A matcher for HTTP URLs.

RFC 3696:

The following characters are reserved in many URIs -- they must be used for either their URI-intended purpose or must be encoded. Some particular schemes may either broaden or relax these restrictions (see the following sections for URLs applicable to "web pages" and electronic mail), or apply them only to particular URI component parts.

; / ? : @ & = + $ , ?

In addition, control characters, the space character, the double- quote (") character, and the following special characters

< > # %

are generally forbidden and must either be avoided or escaped, as discussed below. [...] When it is necessary to encode these, or other, characters, the method used is to replace it with a percent-sign ("%") followed by two hexidecimal digits representing its octet value. See section 2.4.1 of [RFC2396] for an exact definition. Unless it is used as a delimiter of the URI scheme itself, any character may optionally be encoded this way; systems that are testing URI syntax should be prepared for these encodings to appear in any component of the URI except the scheme name itself. [...] Absolute HTTP URLs consist of the scheme name, a host name (expressed as a domain name or IP address), and optional port number, and then, optionally, a path, a search part, and a fragment identifier.
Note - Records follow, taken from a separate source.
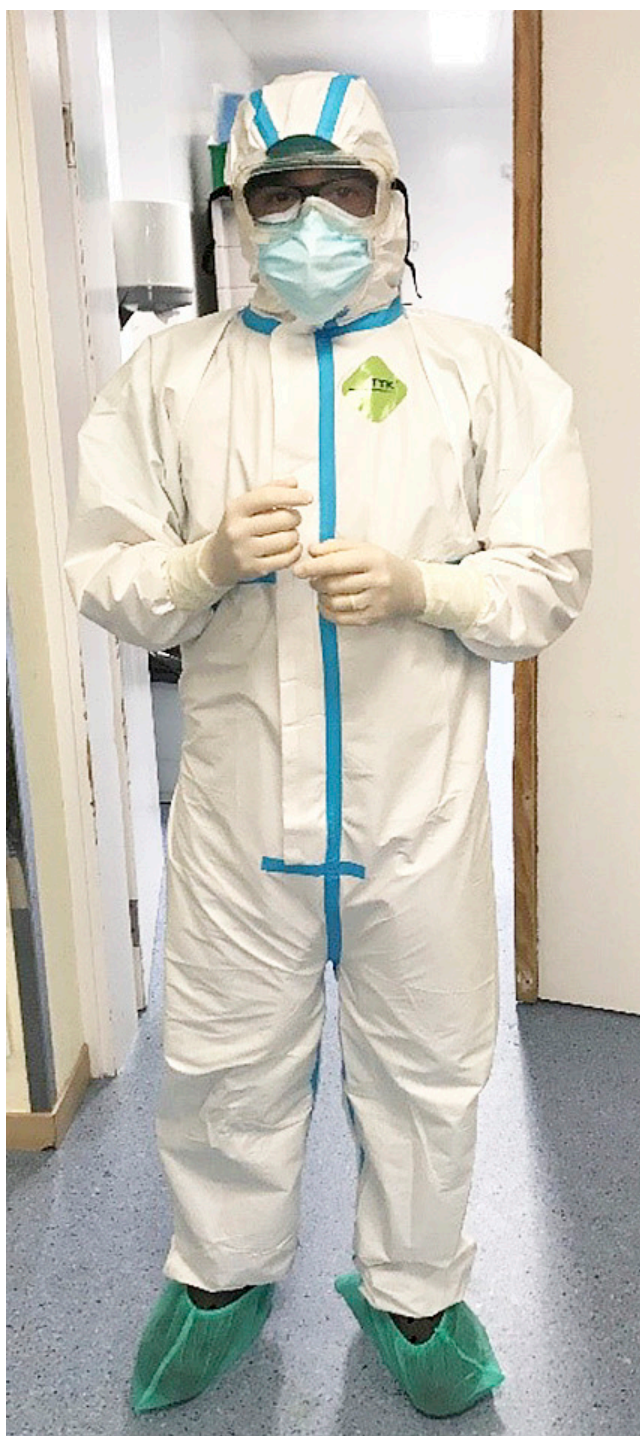
Figura 5. Profesional con EPI previo a la realización de angioplastia primaria en paciente en código infarto con sospecha de COVID-19.

En la figura 5 podemos observar un profesional con la opción del mono impermeable con capucha, protección ocular ajustada de montura integral, doble guante, máscara autofiltrante FP3 y por fuera máscara quirúrgica.
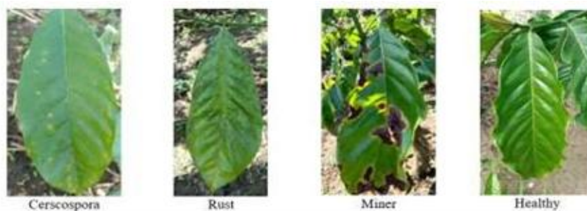
Gambar 1. Menunjukkan gambar daun kopi yang sehat dan yang terkena gangguan yang umum.
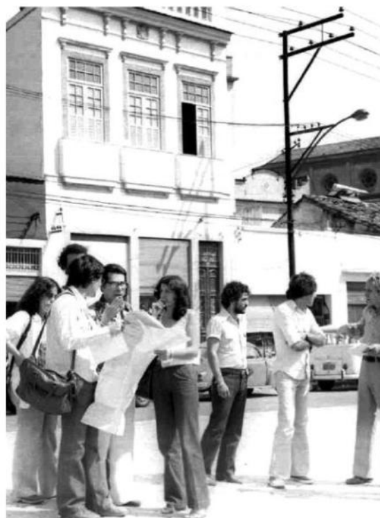
Urbanistas trabalhando nas demolições do bairro do Catumbi, na década de 1970.
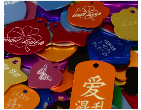
Haustier- und Hundemarkengravur
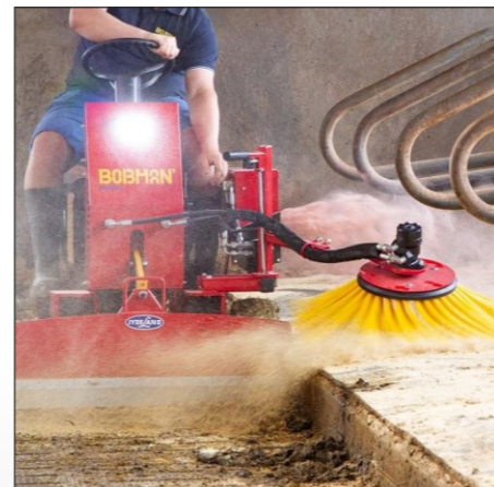
Kurzer Schieber mit Seitenbesen für Hochboxen
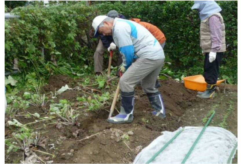
11/20 さらだゴボウの掘り出し中 (折らずに収穫するのは中々難しいのです)
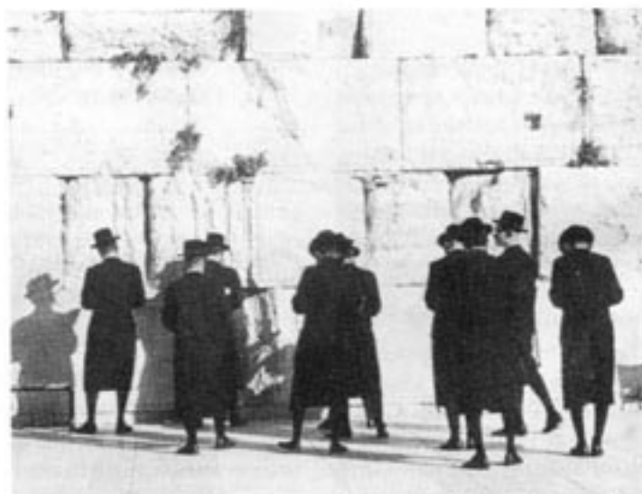
Sju av tio judar som emigrerat från Sovjet till Israel uppger i en undersökning att de utsatts för trakasserier.

Länge ville inte världsoptionen i stort höra talas om dålig be-
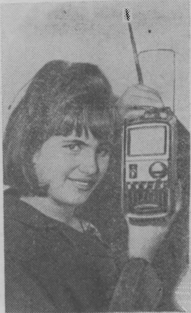
Париж. В столице Франции открылась выставка продукции радиотехнических фирм. На выставке экспонируется много образцов современных радиоприемников и телевизоров.

На снимке: один из самых малогабаритных телевизоров в мире. Питание от одной батареи обеспечивает бесперебойную работу телевизора в течение 15 часов. Вес вместе с батареей—5,9 фунта (примерно 2,5 кг.).
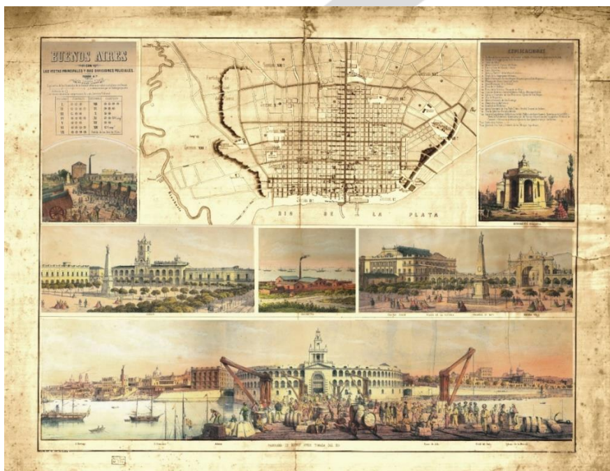
Imagen 7: Plano de Buenos Aires con detalles de sus vistas principales, 1859
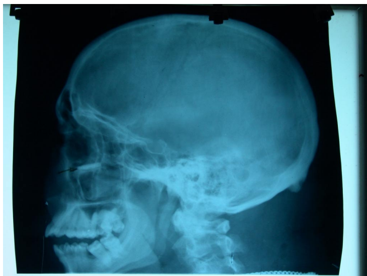
Figura 3 Postoperatoria vista lateral del suelo de órbita reconstruída con Hidroxiapatita
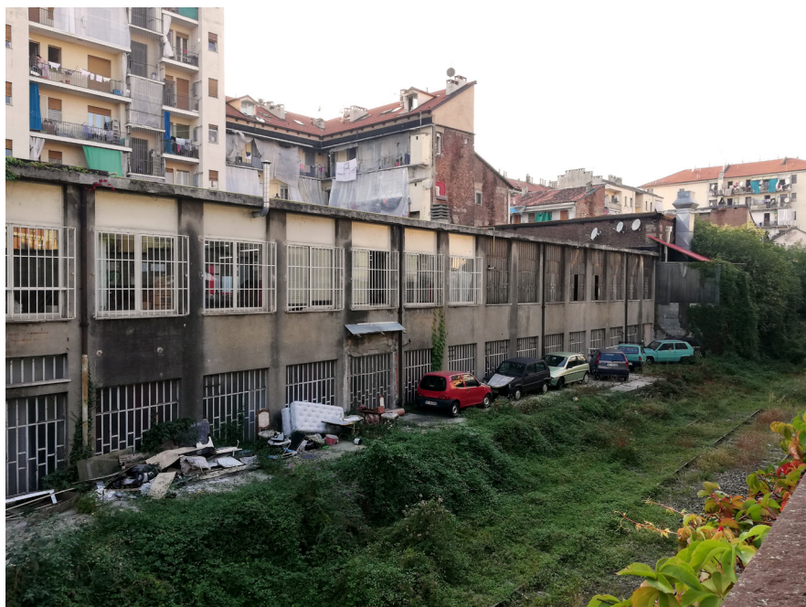
Tratto urbano dismesso e in attesa del trincerino ferroviario Torino - Ceres, visibile lungo via Saint Bon nel quartiere Aurora (Torino), residuo di quel processo di sfruttamento antropico e di trasformazione del territorio.
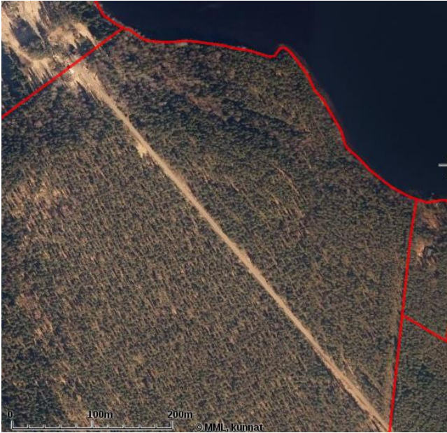
Kullsjön alueen ilmakekuva.

Pellarholmenin eteläpuolisella ranta-alueella on sauna. Ovanmalmträsketin eteläkärjen ranta-alueella on rakennettuna 3 asuinrakennusta talousrakennuksineen. Näillä ei ole välitöntä yhteyttä rantaan vaan ovat osa Fastarby Gårdin muodostamaa kyläaluetta. Edellä mainitun saunan ja asuinrakennusten lähialuetta lukuun ottamatta rannat sisältyvät maatilan metsätaloustoimintaan ja ovat luonteeltaan talousmetsää.
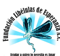
Fundación Libélulas de Esperanza A.C.
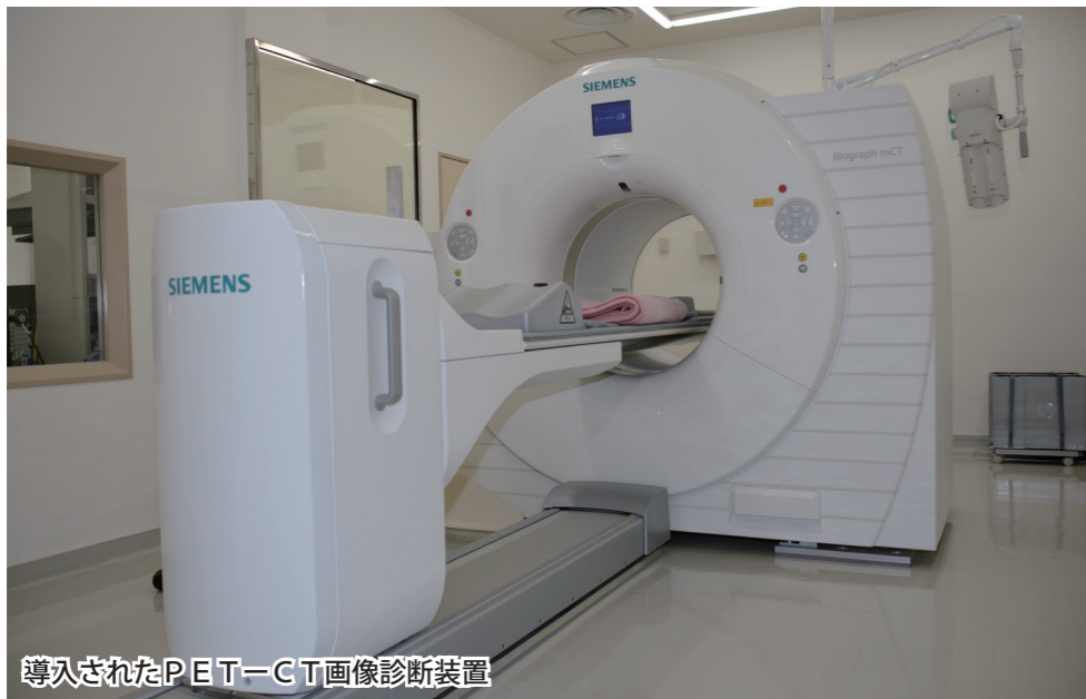
導入されたPET-CT画像診断装置

東北防衛局では、今後とも、基地の安定的な運用に向け、地元の皆様への生活の安定及び福祉の向上に一層取り組んで参ります。
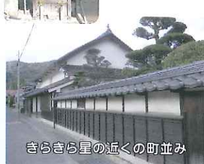
きらきら星の近くの町並み
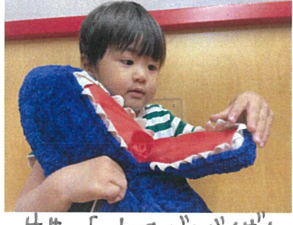
先生...「これはジンバイゲム」 なんだよ!! 知ってた?!
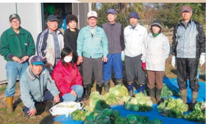
▲援農ボランティア養成講座参加者

研修は3年間、原則として毎月第1・3水曜日の13時30分から、市内の農地で行います。1年目は農業の基本を、2年目は実習生と
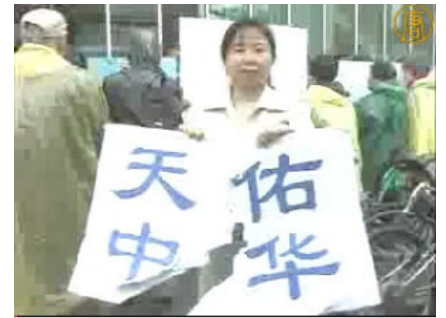
「纽约退党中心」的义工，她手中的「天佑中华」的标语牌被中共收买的暴徒撕毁。

不久前，中共又将法拉盛事件进行断章取义、移花接木的手段进行剪接、包装，制作了一个构陷法轮功的视频，来栽赃法轮功“捣乱”赈灾活动的报导。并在国内的各大网站广泛转载。中共喉舌新华网页转载了该视频，但是很快被紧急删除。外界分析，该视频太假，中共担心像天安门“自焚”一样露馅儿。
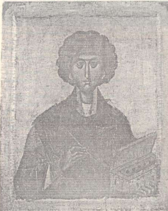
Св. вмч. Пантелеимон, конец XIII в. Афон Икона из Хиландарского монастыря.

Предтеченской общины, несмотря на каждодневные нужды и заботы, мысли многих из нас были обращены к будущему храму, который мы должны были построить. Никто нас к этому
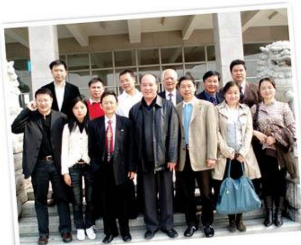
2008年1月拜访广东省侨联
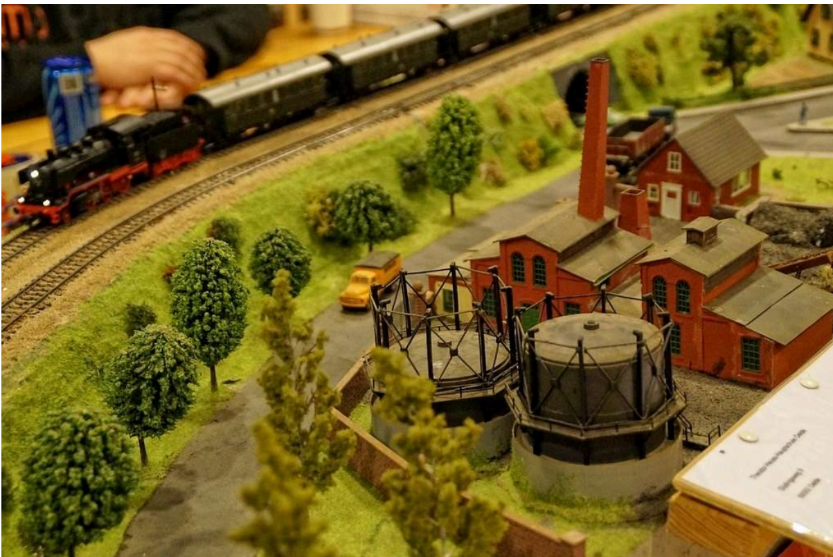
Das alte Gaswerk

des Weihnachtsmarktes war die Modelleisenbahnausstellung der Theodor-Heuss-Hauptschule aus Oelde. Die Schüler haben Ende der 90er Jahre mit dem Projekt „Bau einer Eisenbahn“ begonnen, die vielen Oeldern gefallen wird. Die ca. 15 Meter lange Eisenbahn verläuft U-förmig.
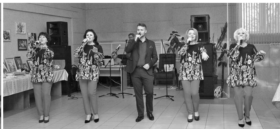
Солисты межпоселенческого культурно-досугового центра Суздальского района.
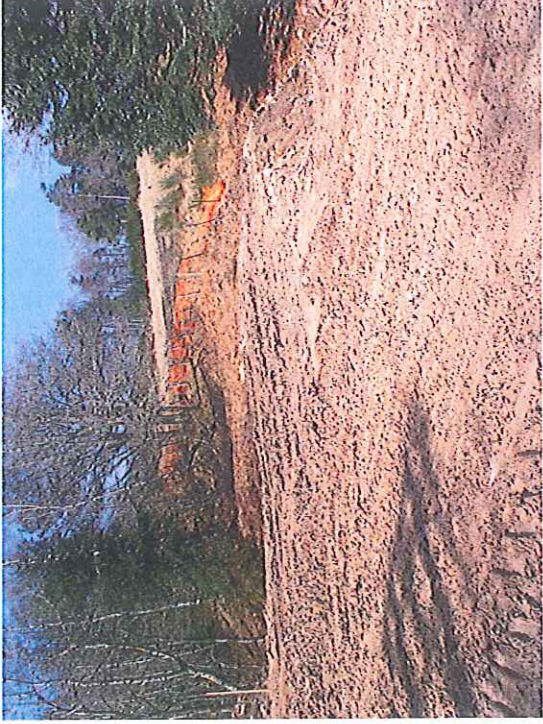
Vue du passage busé, emplacement du portail d'entrée de la MCO et accès au contournement de la clôture
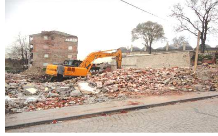
Resim 3 – 4: Tarihi eserler dışında "dümdüz" edilen sokaklar!
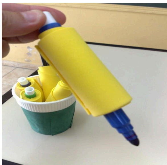
Figura 5 – Lápis adaptado para a aluna A.
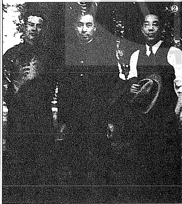
②周恩來(中)與張沖(右)葉劍英(左)合影。
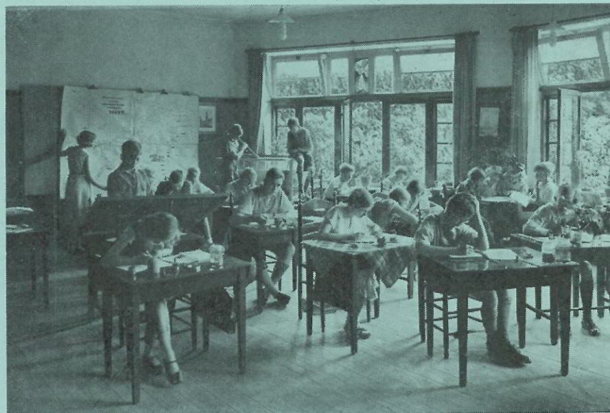
Een klaslokaal van de Pallas Atheneschool te Amersfoort waar men opmerkelijke resultaten behaalde met het nieuwe systeem

De cultuurvorming gaat uit van die kleine groep van begaafden, eventueel nog vermeerderd met de besten uit de groep der vluggen. In het nieuwe onderwijssysteem, of liever opvoedingssysteem legt men het erop aan, dat de kinderen reeds op school beginnen met hun menselijke deugden tot ontwikkeling en in toepassing te brengen. Met andere woorden, zij mogen elkaar helpen. Dit laatste is een reactie op het bekende: Foei Jantje, je mag Pietje niet voorzeggen.

These are separated, respectively, by a colon and the two slashes that precede the host name, a colon, a slash, a question mark, and a hash mark ("#"). So we have

http://host:port/path?search#fragment

http://host/path/

http://host/path#fragment

http://host/path?search

http://host

and other variations on that form. There is also a "relative" form, but it almost never appears in text that a user might, e.g., enter into a form. See [RFC2616] for details. [...] The characters

/ ; ?

are reserved within the path and search parts and must be encoded; the first of these may be used unencoded, and is often used within the path, to designate hierarchy.

MailToUrl()

source code 

Generate a validator for email addresses, according to RFC3696, which 
returns True if the URL is valid, and False otherwise.

RFC 3696:

The following characters may appear in MAILTO URLs only with the
specific defined meanings given.  If they appear in an email address
(i.e., for some other purpose), they must be encoded:

   :       The colon in "mailto:"

   < > # " % { } | \ ^ ~ `

   These characters are "unsafe" in any URL, and must always be
   encoded.

The following characters must also be encoded if they appear in a
MAILTO URL

   ? & =
      Used to delimit headers and their values when these are encoded
      into URLs.
----------
The RFC isn't that great a guide here.  The best approach, I think, is
to check the URL for "forbidden" characters, then decode it, and finally
validate the decoded email.  So we implement the validator directly (ie
this is not a matcher).